- _What you need to do_
Repeat only the lines between the one with "Люстра стельова в" and the end of the material below, both ends included. Omit any picture.

########

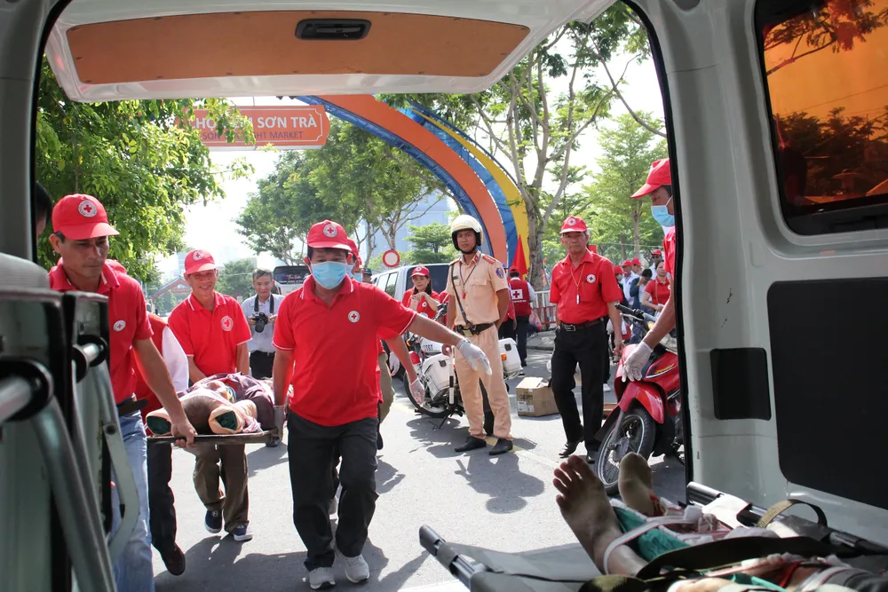 Đồng thời, ban tổ chức còn tổ chức thao diễn SCC tình huống tai nạn giao thông do tình nguyện viên SCC Hội Chữ thập đỏ TP Đà Nẵng thực hiện với tình huống giả định là: Mọi người đang tham gia giao thông trên đường, một ô tô đi tốc độ nhanh vào cua bị mất lái đã va chạm với 2 xe máy cùng chiều chở theo 2 người; 1 người bán hàng rong dắt xe đạp cùng 3 người khách đang mua hàng đã làm hàng loạt người ngã ra đường và bị thương.
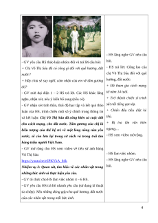 - GV mở rộng cho HS xem video về tiểu sử anh hùng Võ Thị Sáu: - HS làm việc nhóm. https://youtu.be/e6PKYkA_81k - HS lắng nghe GV nêu câu
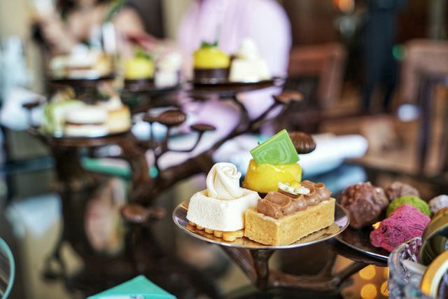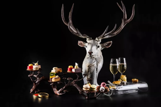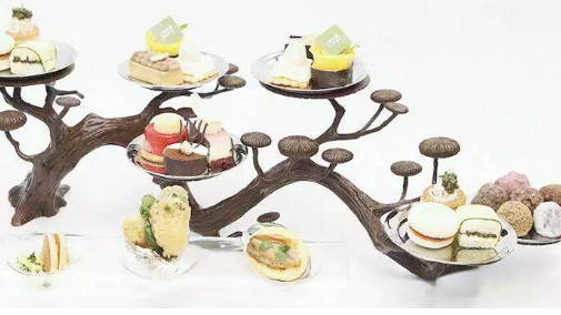 “松翠迎娇客,清风拂面来”,主厨携手“塑镜空间”定制了十款限量版迎客松青铜下午茶艺术托架,与酒廊重达2.3吨的青铜作品迎客松相互映衬。迎客松艺术托架树枝伸长舒展,点缀着薰衣草奶冻、樱花巧克力等多种花类甜品和鱼子酱帝王蟹、香脆龙虾卷等咸点,更有香槟茶饮相佐,迎接客人前来品尝。售价为人民币 768元/两位。位于国贸大厦80层的酒廊可饱览京城盛貌,适宜来一场高空身心放松之旅。身在优雅舒适的酒廊,目光可游离至西山,享用清爽下午茶,思绪飞扬云端。此款限量下午茶将长期供应。
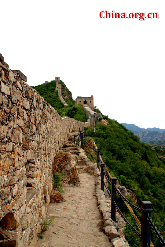 For safety reasons, Simatai Great Wall accepts a limited number of visitors every day. You can book a pass at the Wtown website one day in advance for 40 yuan (US$6.5) or go to the information center at the Wtown to buy a combo ticket for the water town and Simatai for 190 yuan (US$30). (Photo source: China.org.cn/Zhang Yunxing) |
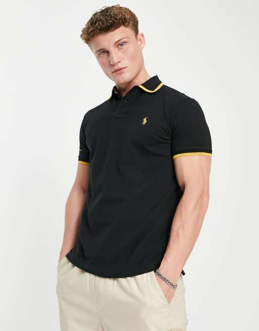 Polo negro de corte personalizado con ribetes y logo dorado de Polo Ralph Lauren
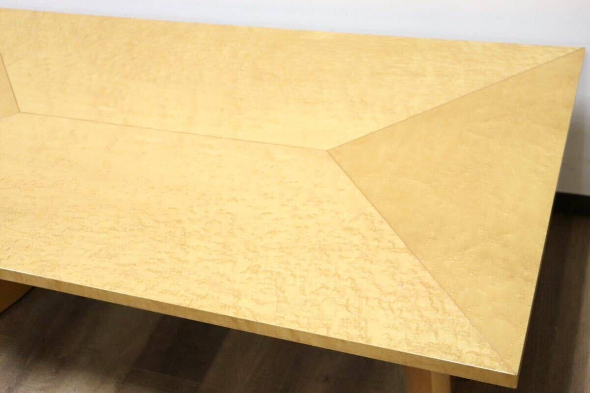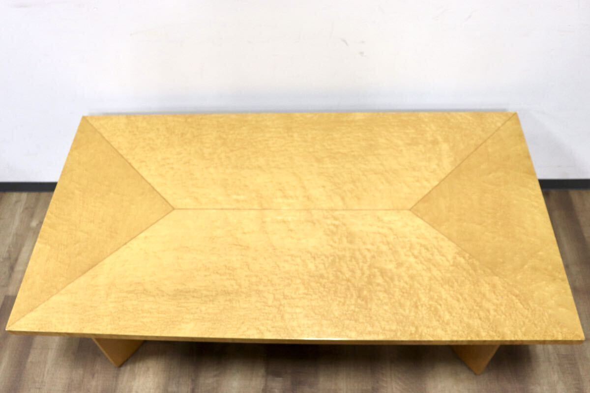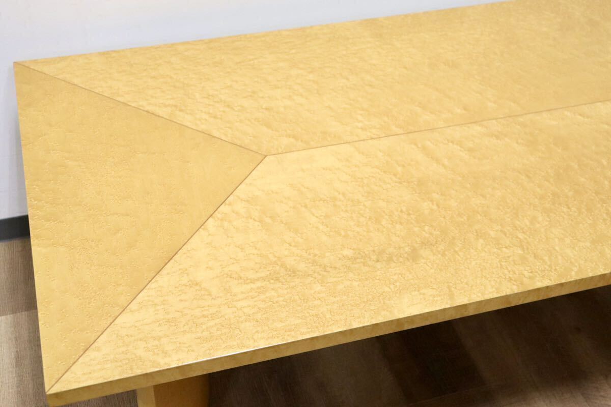 バーズアイメープルはハードメープルの中にごく稀に発生するもので、表面近くの1/5のみでしかとれない大変貴重な材で、丸い玉のような模様が連なったり、渦巻状になって現われる杢目で、鳥の目に似た模様が集まっているところから“鳥目杢”(とりめもく)と呼ばれています。神秘的な木目と衝撃に強く割れにくい性質から高級家具や高級車の内装材として使用されています。
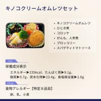 きのこクリームオムレツ(オムレツ(鶏卵:国産)、クリーム、マッシュルーム)、コロッケ、ブロッコリー、人参煮、がんも煮、スパゲティトマトソース、ひじき煮/調味料(アミノ酸等)、pH調整剤、酸味料、酒精、着色料(パプリカ)、香料、酸化防止剤(V.E、V.C)、乳化剤、シリコーン、凝固剤、加工でん粉、リン酸塩(Na)、増粘剤(グァーガム)、保存料(安息香酸Na)、(一部に小麦・卵・乳成分・大豆・鶏肉・豚肉・ごま・魚介類を含む)
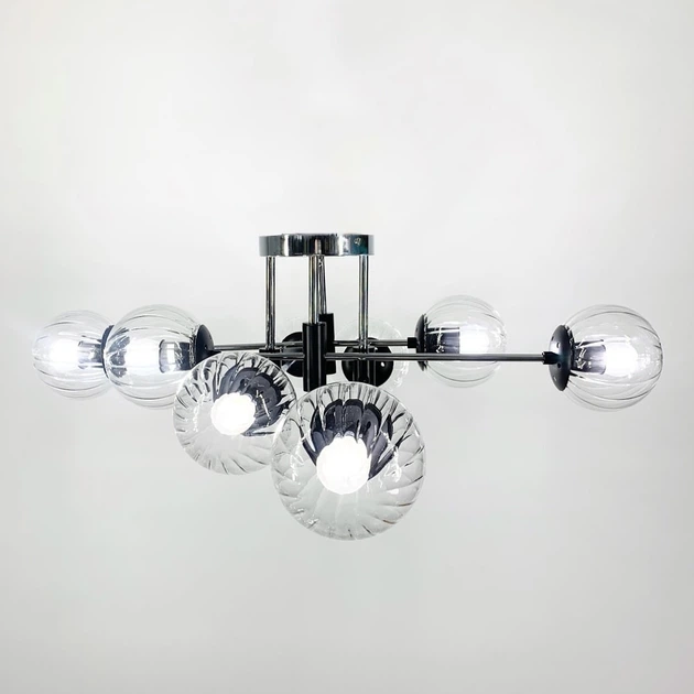 Люстра стельова в хромованому корпусі на 8 прозорих плафонів 85 см
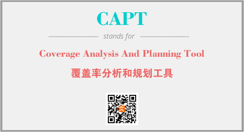 上述内容是“Coverage Analysis And Planning Tool”作为“CAPT”的缩写,解释为“覆盖率分析和规划工具”时的信息,以及英文缩略词CAPT所代表的英文单词,其对应的中文拼音、详细解释以及在英文中的流行度和相关分类、应用领域及应用示例等。
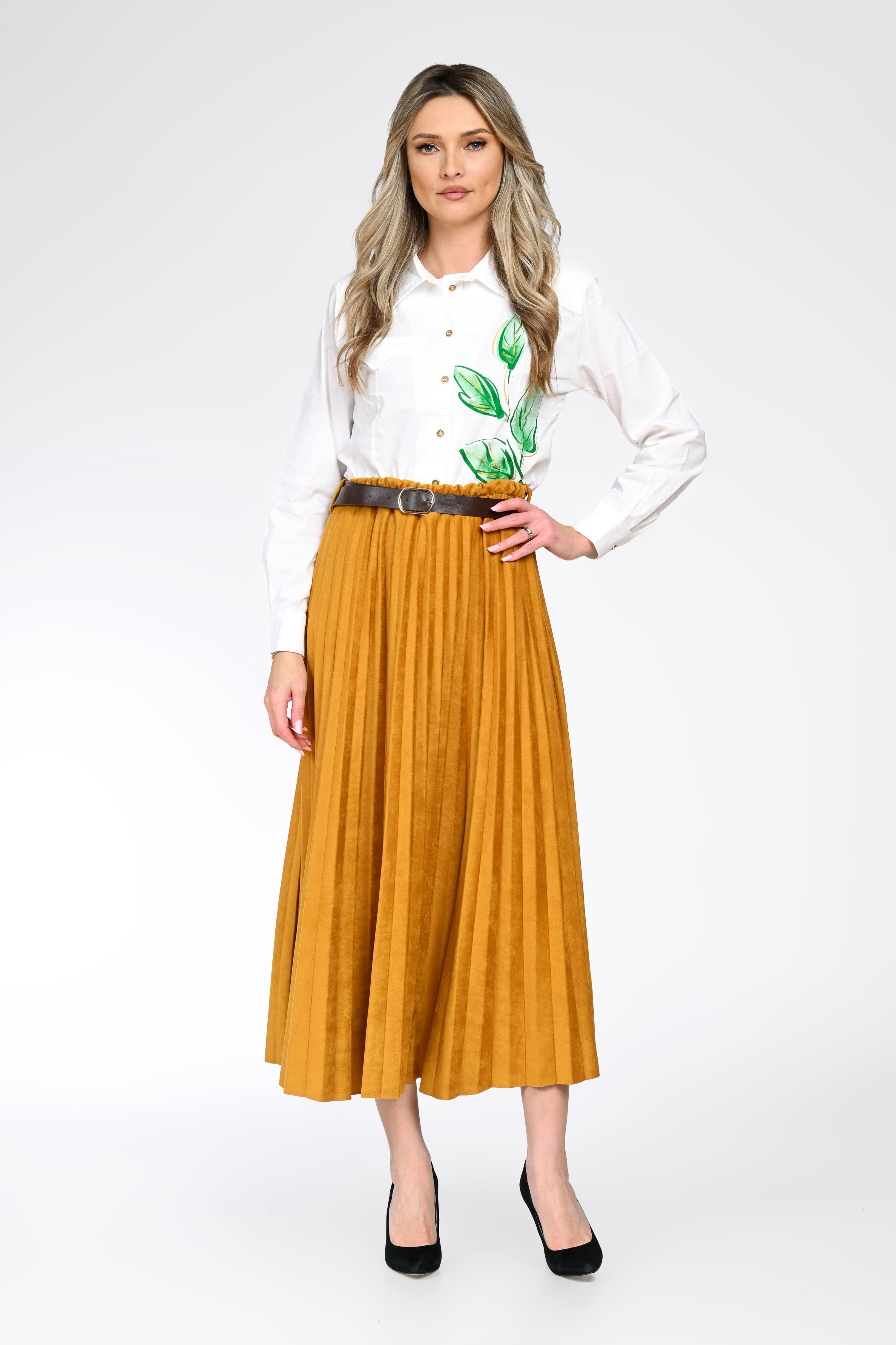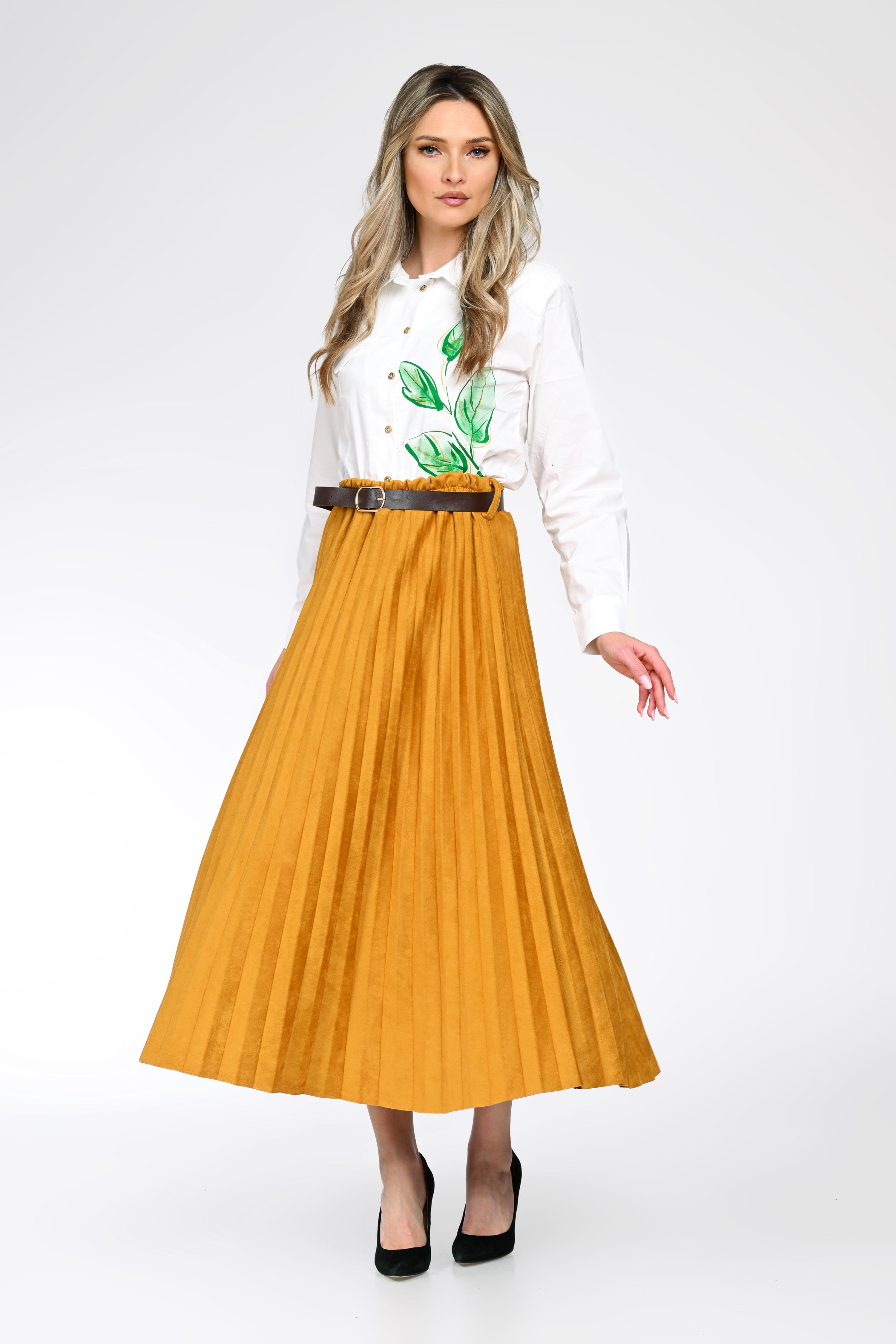 Fustă midi plisată cu curea – Evelina

########

- _Exercise output_
 Люстра стельова в хромованому корпусі на 8 прозорих плафонів 85 см
 上述内容是“Coverage Analysis And Planning Tool”作为“CAPT”的缩写,解释为“覆盖率分析和规划工具”时的信息,以及英文缩略词CAPT所代表的英文单词,其对应的中文拼音、详细解释以及在英文中的流行度和相关分类、应用领域及应用示例等。
 Fustă midi plisată cu curea – Evelina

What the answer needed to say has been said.